[Start of Attachment]

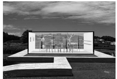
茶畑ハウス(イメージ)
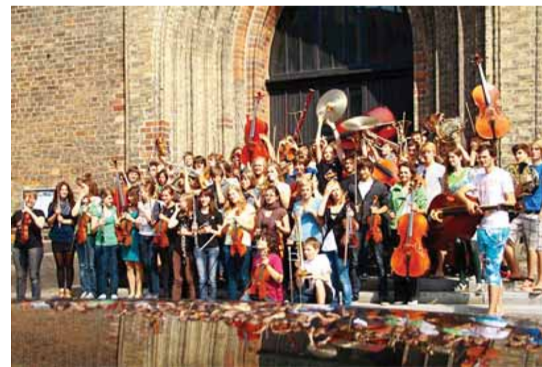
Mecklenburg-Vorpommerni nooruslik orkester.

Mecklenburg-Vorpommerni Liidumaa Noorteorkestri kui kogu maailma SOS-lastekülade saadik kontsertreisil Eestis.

[End of Attachment]
[Start of Attachment]

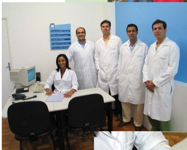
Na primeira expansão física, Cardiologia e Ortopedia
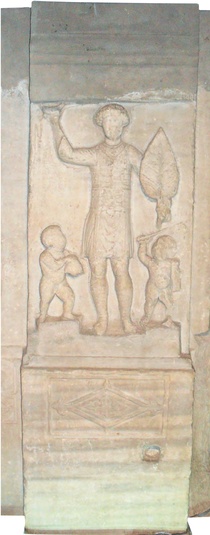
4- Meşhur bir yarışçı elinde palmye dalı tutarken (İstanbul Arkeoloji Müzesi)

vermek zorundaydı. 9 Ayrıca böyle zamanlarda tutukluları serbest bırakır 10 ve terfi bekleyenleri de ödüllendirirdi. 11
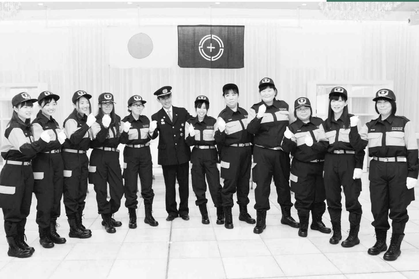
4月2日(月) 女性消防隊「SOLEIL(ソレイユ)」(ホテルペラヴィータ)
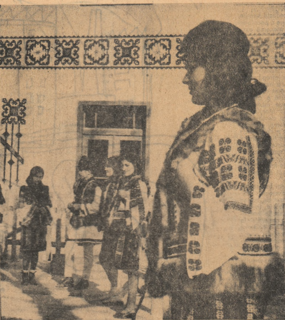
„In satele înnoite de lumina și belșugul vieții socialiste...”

[End of Attachment]
[Start of Attachment]

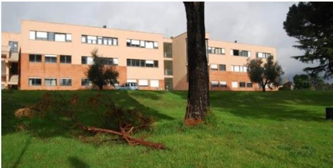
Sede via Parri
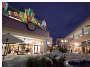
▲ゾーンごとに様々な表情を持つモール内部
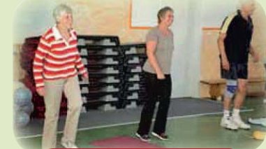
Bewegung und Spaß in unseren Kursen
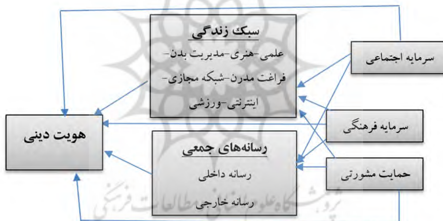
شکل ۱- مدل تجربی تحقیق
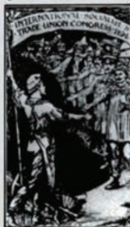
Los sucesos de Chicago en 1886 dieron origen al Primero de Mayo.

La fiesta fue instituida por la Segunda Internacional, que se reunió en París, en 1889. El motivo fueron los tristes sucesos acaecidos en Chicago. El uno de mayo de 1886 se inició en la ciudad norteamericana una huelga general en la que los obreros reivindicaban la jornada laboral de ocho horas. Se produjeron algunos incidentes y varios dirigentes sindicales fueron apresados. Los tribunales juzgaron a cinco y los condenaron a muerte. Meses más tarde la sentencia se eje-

[End of Attachment]

-- Problem --
Check every line of the entries above, and copy those that carry the string "Mecklenburg".

-- Reply --
Mecklenburg-Vorpommerni nooruslik orkester.
Mecklenburg-Vorpommerni Liidumaa Noorteorkestri kui kogu maailma SOS-lastekülade saadik kontsertreisil Eestis.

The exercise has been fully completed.